== WHAT THE TASK REQUIRES ==
Starting with the line that contains "An organized and", copy every line through the end of the listing, exactly and only those. No pictures should appear in the copy.

== MATERIAL PROVIDED ==
BEGIN

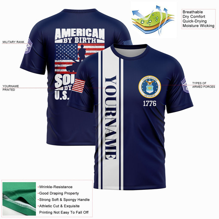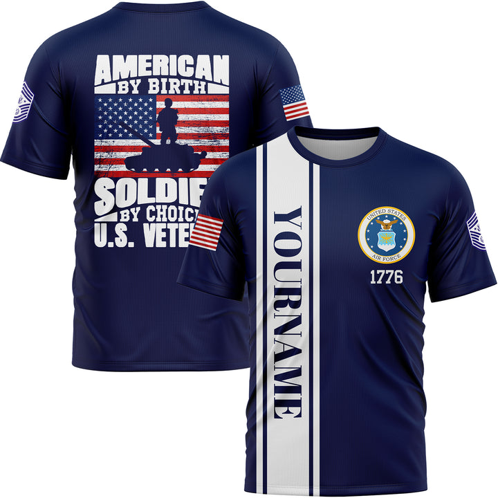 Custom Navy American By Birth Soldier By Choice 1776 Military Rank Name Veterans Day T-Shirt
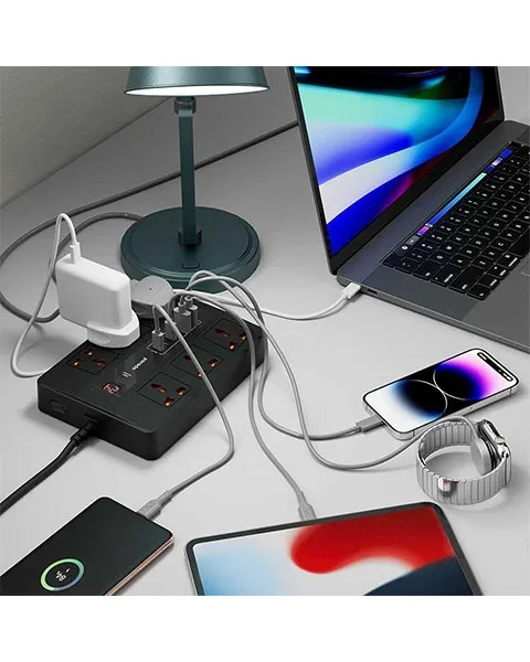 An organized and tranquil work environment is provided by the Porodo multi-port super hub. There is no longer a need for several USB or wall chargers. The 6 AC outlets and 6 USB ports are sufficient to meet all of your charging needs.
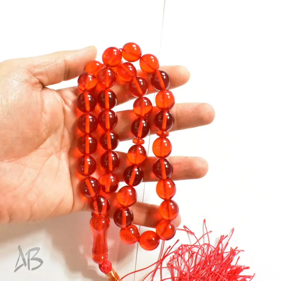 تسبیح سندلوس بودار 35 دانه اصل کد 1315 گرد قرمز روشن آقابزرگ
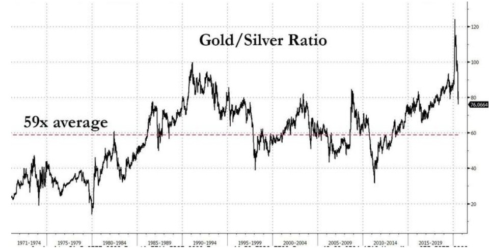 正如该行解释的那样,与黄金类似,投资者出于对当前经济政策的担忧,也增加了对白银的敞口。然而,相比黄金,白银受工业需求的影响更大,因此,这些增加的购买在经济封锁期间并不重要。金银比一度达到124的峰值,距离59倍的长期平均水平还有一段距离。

END

== RESULT FOR THIS EXERCISE ==
 An organized and tranquil work environment is provided by the Porodo multi-port super hub. There is no longer a need for several USB or wall chargers. The 6 AC outlets and 6 USB ports are sufficient to meet all of your charging needs.
 تسبیح سندلوس بودار 35 دانه اصل کد 1315 گرد قرمز روشن آقابزرگ
 正如该行解释的那样,与黄金类似,投资者出于对当前经济政策的担忧,也增加了对白银的敞口。然而,相比黄金,白银受工业需求的影响更大,因此,这些增加的购买在经济封锁期间并不重要。金银比一度达到124的峰值,距离59倍的长期平均水平还有一段距离。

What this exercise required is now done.